BEGIN

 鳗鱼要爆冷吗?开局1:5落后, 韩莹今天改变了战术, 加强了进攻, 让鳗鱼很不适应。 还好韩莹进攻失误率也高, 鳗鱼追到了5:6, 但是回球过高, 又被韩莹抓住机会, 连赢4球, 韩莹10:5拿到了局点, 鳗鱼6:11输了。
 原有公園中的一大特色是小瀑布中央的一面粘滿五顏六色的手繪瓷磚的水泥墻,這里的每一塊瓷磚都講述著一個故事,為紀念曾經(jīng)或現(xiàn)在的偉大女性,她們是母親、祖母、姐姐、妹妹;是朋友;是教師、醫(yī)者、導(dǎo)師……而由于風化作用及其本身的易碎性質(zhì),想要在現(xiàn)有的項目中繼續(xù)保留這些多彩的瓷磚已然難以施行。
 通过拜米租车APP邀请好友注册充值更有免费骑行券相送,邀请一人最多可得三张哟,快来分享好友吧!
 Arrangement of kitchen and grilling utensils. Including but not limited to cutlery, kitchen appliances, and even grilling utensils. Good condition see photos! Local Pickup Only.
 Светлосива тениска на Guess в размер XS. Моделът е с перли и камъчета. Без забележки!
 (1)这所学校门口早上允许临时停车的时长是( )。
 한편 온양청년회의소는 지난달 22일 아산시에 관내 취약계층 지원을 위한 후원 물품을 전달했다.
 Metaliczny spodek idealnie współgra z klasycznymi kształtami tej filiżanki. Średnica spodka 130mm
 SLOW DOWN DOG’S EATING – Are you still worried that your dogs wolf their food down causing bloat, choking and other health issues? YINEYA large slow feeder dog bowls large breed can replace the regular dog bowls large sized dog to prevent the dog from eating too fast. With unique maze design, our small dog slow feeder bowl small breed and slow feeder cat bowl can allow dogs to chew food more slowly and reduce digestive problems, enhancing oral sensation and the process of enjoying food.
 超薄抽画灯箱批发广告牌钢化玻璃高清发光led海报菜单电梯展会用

END

▸ **ABOUT THIS TASK**
Please output exactly the lines between the one holding "Светлосива тениска на" and the one holding "Metaliczny spodek idealnie" in the records above, inclusive, and nothing more.

▸ **ANSWER TO THIS PROBLEM**
 Светлосива тениска на Guess в размер XS. Моделът е с перли и камъчета. Без забележки!
 (1)这所学校门口早上允许临时停车的时长是( )。
 한편 온양청년회의소는 지난달 22일 아산시에 관내 취약계층 지원을 위한 후원 물품을 전달했다.
 Metaliczny spodek idealnie współgra z klasycznymi kształtami tej filiżanki. Średnica spodka 130mm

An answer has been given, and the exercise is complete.